Manatt Expands National Financial Services Practice with Additions of Carol Van Cleef and David Gershon
Carol Van Cleef joined the Washington, D.C., office of Manatt, as a partner in the Financial Services and Banking practice. Considered one of the nation’s leading experts on issues related to payments systems and virtual currencies, including Bitcoin and other cryptocurrencies and commodity-backed currencies, Ms. Van Cleef has extensive experience in the financial services arena, with a concentration on electronic payments, anti-money laundering and Office of Foreign Assets Control compliance programs, state money transmitter licensing, privacy and data security, and other banking regulatory and enforcement issues. She represents banking organizations and credit unions, money services business and nonbanking entities, securities firms, insurance companies, finance companies, money service businesses and hedge funds in federal and state regulatory, compliance and enforcement matters.
In addition, David Gershon joined the San Francisco office as a partner in the Financial Services and Banking practice. Mr. Gershon focuses on securities and general corporate matters for financial institutions and technology companies. His experience includes mergers and acquisitions, securities law compliance, private placements and corporate governance. Mr. Gershon was formerly general counsel of a NASDAQ-listed semiconductor company and a venture-backed software developer.
For Community Banks, A Volcker Rule Recap
Financial institutions have been inundated with information since the release of the final Volcker Rule on December 10, 2013 (click here to view our previous newsletter). For community banks, questions remain: Which parts of the Volcker Rule are applicable and which are not? Are 10-K disclosures required?
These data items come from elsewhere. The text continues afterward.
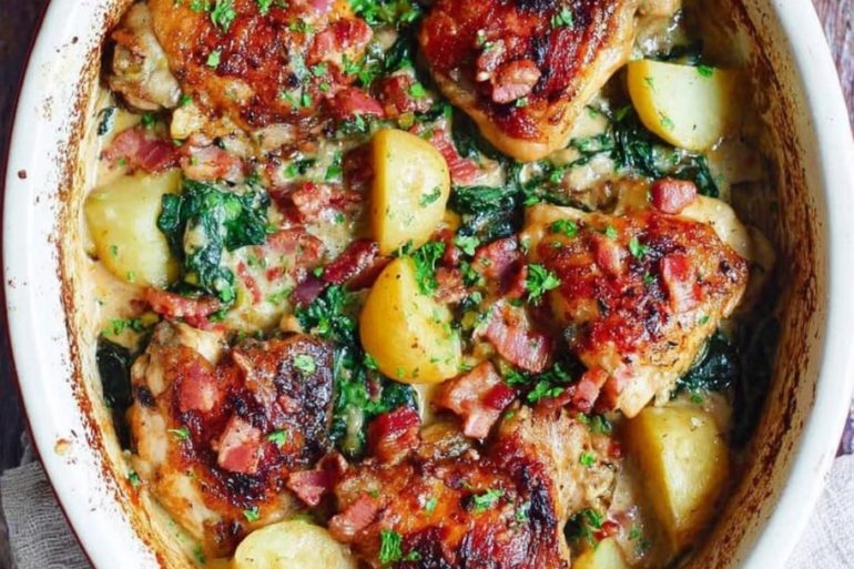 This Tuscan Chicken and Potatoes Casserole is the kind of comforting, hearty dish that instantly wins everyone over. You get crispy chicken and tender potatoes mixed with spinach, sun dried tomatoes, and smoky bacon bits, all coated in a rich and creamy Parmesan sauce that pulls everything together in the most satisfying way. At the…
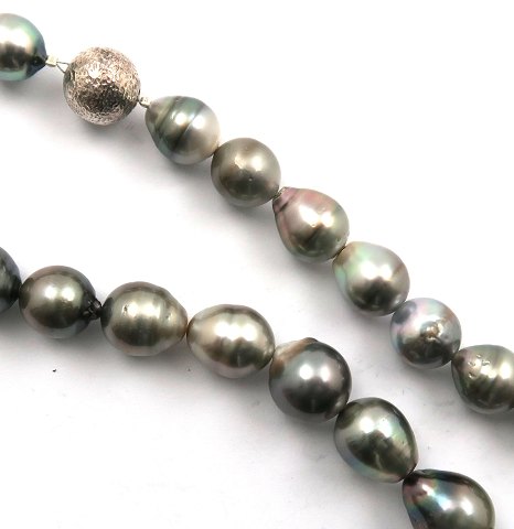 Collier, betrykket med delvist dråbeformede southsea perler i forløb. Kuglelås af sterling sølv med struktureret overflade, fremstillet hos J. Aagaard. Collier L. 42 cm.
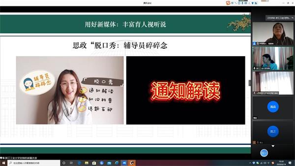 浙江工业大学BB贝博艾弗森原官方网站党委副书记刘琦作《疫情背景下网络育人探索与实践》分享。分享介绍到,学院通过上好专业第一课——育人“食”课,增加专业自信——科普抗“疫”,将思想政治教育与专业学习相结合;同时用好新媒体,通过思政脱口秀——辅导员啐啐念,以图育人——系列海报明信片等形式,丰富育人视听说。
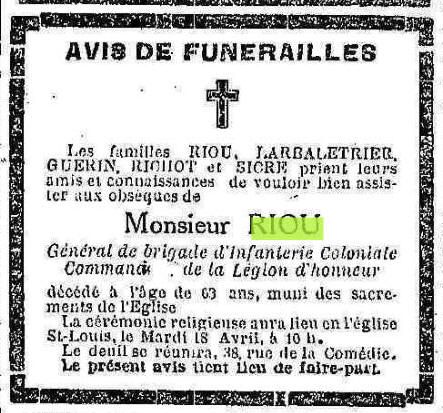 d'Honneur le 12 juillet 1906, étant Général de brigade.
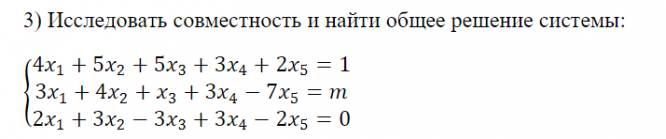 Для студентов СВГУ по предмету Линейная алгебра и аналитическая геометрияm=10. Исследовать совместность и найти общее решение системы.m=10. Исследовать совместность и найти общее решение системы.

And when does the final rule take effect?
The regulations under Section 619 of the Dodd-Frank Act—the so-called Volcker Rule—are clearly aimed at banking entities that engage in proprietary trading and invest in hedge funds, typically thought of as large, internationally active institutions. But the Volcker Rule applies with equal force to the average local bank as well. To determine its impact, a banking entity needs to identify points where its business involves either proprietary trading or covered funds.
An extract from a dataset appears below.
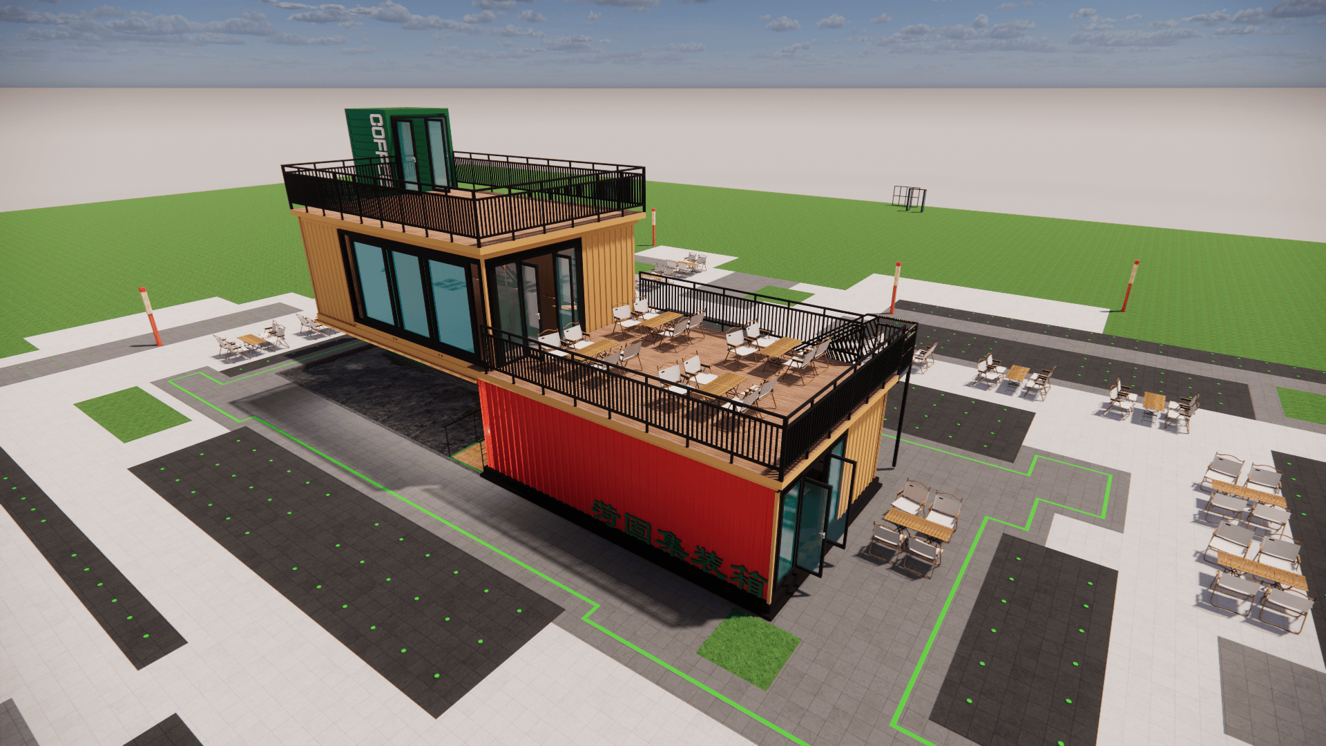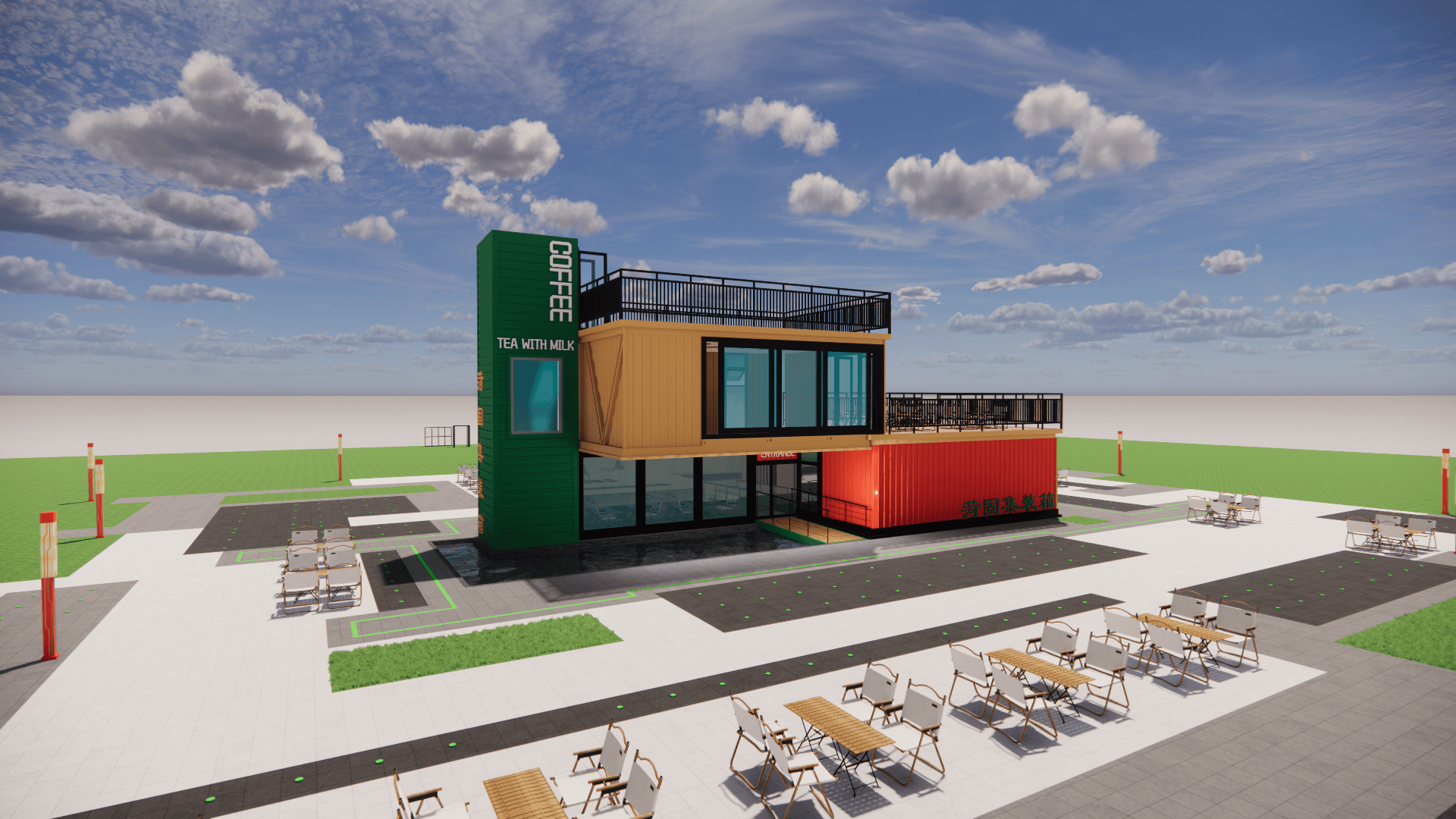 :模块化扩容支撑“空间随营业发展”,集拆箱咖啡店将30㎡空间效能最大化:折叠吧台延长户外体验,工场化出产杜绝施工污染,单月可笼盖3-5个高流量点位。对城市,过程全程可视化,低成本撬动高价值,集拆箱奶茶店以“挪动网红体”社交:渐变涂鸦外墙、霓虹灯牌、通明操做窗,拥抱集拆箱建建,合用于园区配套、项目驻地、创意工做室等场景,单体可运营,模块化布局支撑“一店多址”运营策略,

Community banks may benefit from thinking about these questions:
- What does the treasurer invest in? Almost certainly these investments will meet the definition of “proprietary” under the final Volcker Rule—but they may or may not constitute “trading.” The final rule features a rebuttable presumption drawing the line for “trading” at 60 days, a helpful clue for financial institutions. However, the 60-day period is only a presumption. Future regulatory interpretations, which may come in interpretive releases, cases, and examination discussions, will help to flesh out what is meant. Assuming an investment meets the definition of both “proprietary” and “trading” under the rule, does the treasurer have to change his or her investment strategy? Not necessarily. The Volcker Rule includes many exceptions. Government securities, for example, are exempted and the language is broad enough to cover a lot of what most bank treasury departments use for temporary investments. Another exemption exists for hedges but presents some complications. Each hedge must be tied to specific risks, then monitored and adjusted if the risk changes. Records must be kept about the relationship between the hedge and the related risk. These requirements will likely result in procedural changes for banks once the Volcker Rule is effective.
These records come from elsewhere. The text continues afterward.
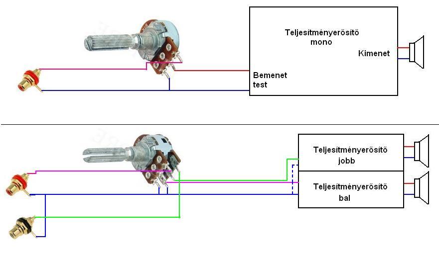 Az a problémám, hogy egy tda7294 erősítőre szeretnék dupla bemenetet kötni potikkal, hogy a két bemenet, külön szabályozható legyen, de nem tudom hogyan kell. Segítene valaki. Néztem a potik bekötését, de ha úgy kötöm be a két potit ahogy azokat kell, akkor ha az egyiket lehalkítom, akkor a másik sem megy hiába húzom fel maxra. Mellékeltem képet, hogyan köttem be, de így ha lehúzom mindkét potit akkor kicsit zúg a végfok és ha fordítva kötom be tehát ha a bemenet a poti szélső lábára megy és a középsőről megy a végfokra akkor a fent említett probléma lépik fel!
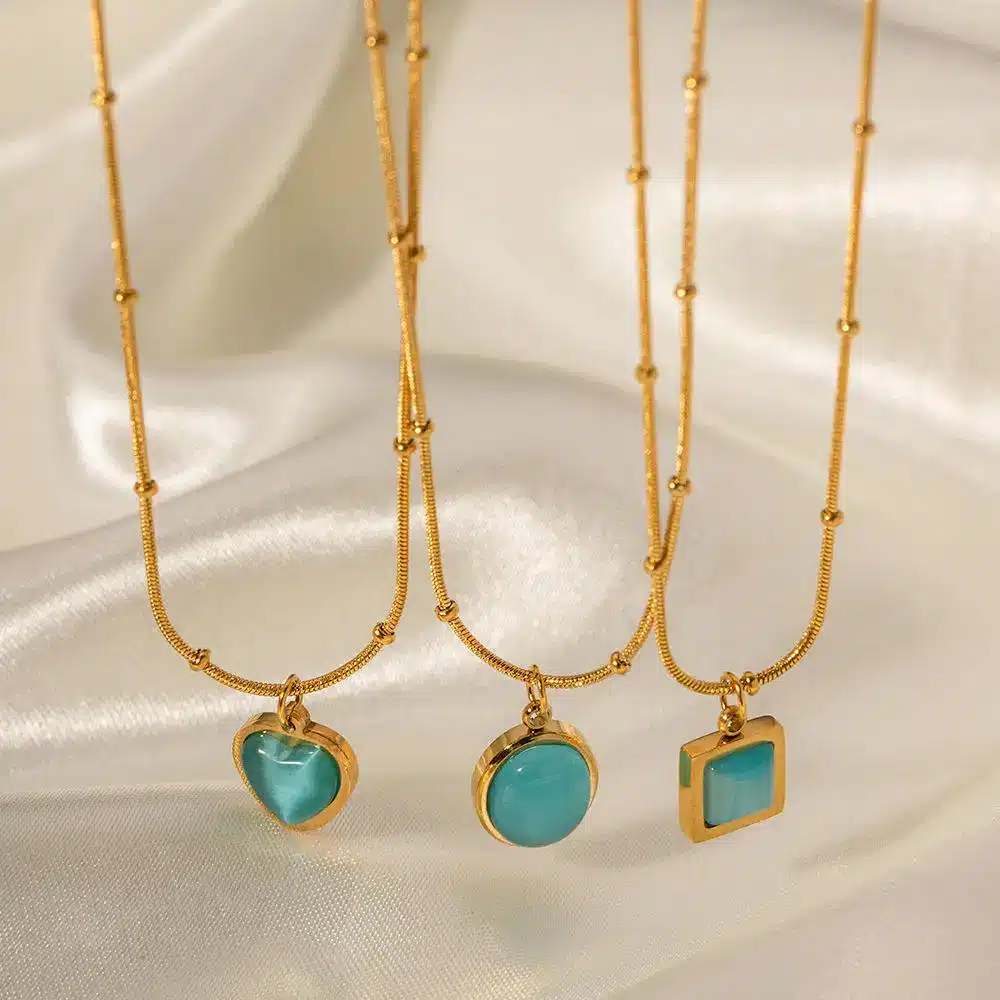 Be the first to review “Classic Gold Plated Square Heart Circular Natural Stone Blue Opal Pendant Necklace Stainless Steel Ball Chain Necklace for Women”
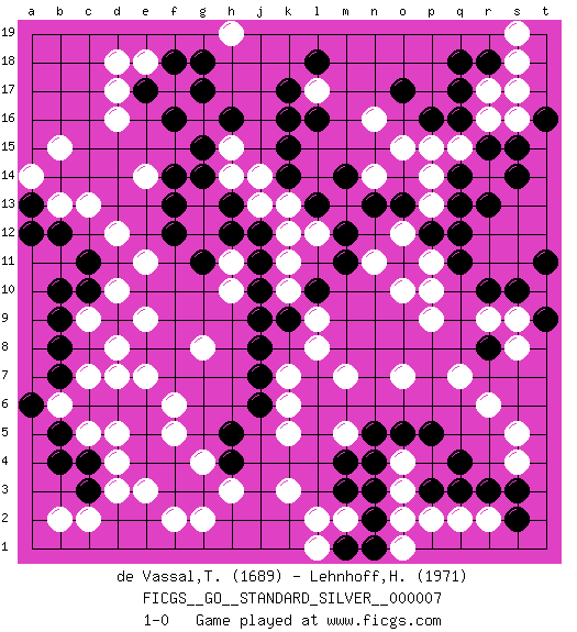 Last move : 1-0 2013 February 4 0:27:47 [Event "FICGS__GO__STANDARD_SILVER__000007"] [Site "FICGS"] [Date "2012.05.30"] [Round "1"] [Black "de Vassal,Thibault"] [White "Lehnhoff,Heinz-Georg"] [Result "1-0"] [Rating 1 "1689"] [Rating 2 "1971"] 1.q4 d16 2.q17 d4 3.q11 n16 4.k16 q15 5.r15 o3 6.q16 n14 7.g17 r6 8.p5 q2 9.r8 q7 10.n5 o7 11.m3 p9 12.r3 r9 13.o11 l17 14.k17 m7 15.m11 k3 16.m4 k5 17.l16 m13 18.l13 p13 19.q14 p15 20.q13 l12 21.m12 p14 22.n13 k12 23.m14 e18 24.c3 d3 25.c4 c5 26.b5 b6 27.b4 c2 28.c6 d5 29.b7 c7 30.d6 d7 31.e6 e7 32.b8 f6 33.e5 f5 34.e4 e3 35.f4 g4 36.f3 f2 37.g3 g2 38.h4 h3 39.a6 b2 40.c11 c13 41.b12 h19 42.l18 r14 43.r13 r16 44.s14 r17 45.r18 s18 46.q18 r2 47.s2 s4 48.s3 e11 49.d9 b13 50.l10 s5 51.p3 p2 52.q3 e9 53.j10 s16 54.s15 l2 55.n2 m2 56.n3 o2 57.m1 o4 58.o5 d10 59.c10 s19 60.t16 p10 61.h12 k13 62.k14 j13 63.g14 j14 64.k15 k10 65.k9 g13 66.h13 k11 67.j8 l9 68.g18 h11 69.j11 h15 70.g15 g16 71.h16 h14 72.f16 g12 73.j12 p11 74.p12 o12 75.q12 h10 76.j9 s17 77.p16 n11 78.o13 o10 79.e17 d17 80.a13 a14 81.a12 o15 82.o17 e14 83.r10 s9 84.s10 d12 85.b10 c9 86.b9 l8 87.j6 t10 88.t11 b15 89.t9 s8 90.f18 d18 91.h5 d8 92.f13 g8 93.f14 k7 94.j7 k6 95.f12 o1 96.n1 l1 97.g11 m5 98.n4 1-0 Here are the names of the openings (joseki) played in the four corners : Corner q4 : q4 o3 Hoshi (Hwajeom, Seongjeom, Xingwei`) 4-4 Point. The star or hoshi (4-4) point, emphasizing influence at the potential expense of territory. Ikken Kakari (Hankan Keolch'im, Yi Gua`jiao~, 1-Space Low Approach). White 2 is the standard approach move to the 4-4. Corner d16 : d16 g17 Hoshi (Hwajeom, Seongjeom, Xingwei`) 4-4 Point. The star or hoshi (4-4) point, emphasizing influence at the potential expense of territory. Niken Kakari (Dukan Keolch'im, E`r Gua`jiao~, 2-Space Low Approach). White typically answers by 7-3 or 3-5 (which is not joseki). Corner d4 : d4 c3 Hoshi (Hwajeom, Seongjeom, Xingwei`) 4-4 Point. The star or hoshi (4-4) point, emphasizing influence at the potential expense of territory. Player Black won this Go (weiqi, baduk) game. Follow this game move after move (download)A meijin needs no joseki. (Anonymous) Memory is a way of holding onto the things you love, the things you are, the things you never want to lose. (from the television show: The Wonder Years)

- Does the banking entity invest in private funds? Call them hedge funds, private equity funds, or something else, institutions must use caution when handling an investment that meets the definition of a “covered fund” under the final rule. The limit on investing in all covered funds is 3 percent of Tier 1 Capital, and a banking entity’s investment in any single covered fund cannot be more than 3 percent of that covered fund. Again, the Volcker Rule contains multiple exemptions. Most helpful to banks is an exception for funds that invest in whole loans; other carve-outs exist for small business investment companies and business development corporations. If specific requirements are met, derivatives, securitizations, and commercial paper conduits can also qualify for exceptions from covered funds. A private fund that engages in merchant banking transactions may not be exempt. Banking entities will need to review the exceptions and the specific requirements to ensure that an exclusion applies before investing in pooled vehicles.
- Does the banking entity organize pooled investments for others? Whether for a consortium of small banks or for investment by retail customers, the Volcker Rule allows a banking entity to act as a sponsor of a private fund. The institution can use its own money to seed the fund (even if that gives the banking entity more than 3 percent of the fund at the beginning), but the seeding period only lasts one year; after 12 months, the 3 percent ownership limit applies. The banking entity or an affiliate can remain involved in managing the fund in other respects after the seeding period, but should review the final rule for details on how the management and sponsorship arrangement must be constructed.
Why it matters: While most of the Volcker Rule’s more burdensome provisions are aimed at practices and business lines that are found only at the largest banks, some are pertinent to much smaller and simpler banking institutions. No entity is too small to consider these questions. If something about the business must be modified to conform to the final rule, is it a material change? With annual reporting season coming, a material impact could require disclosure. Therefore, financial institutions would be best served to identify such issues as soon as possible—and well before the implementation date for Volcker Rule changes on July 15, 2015.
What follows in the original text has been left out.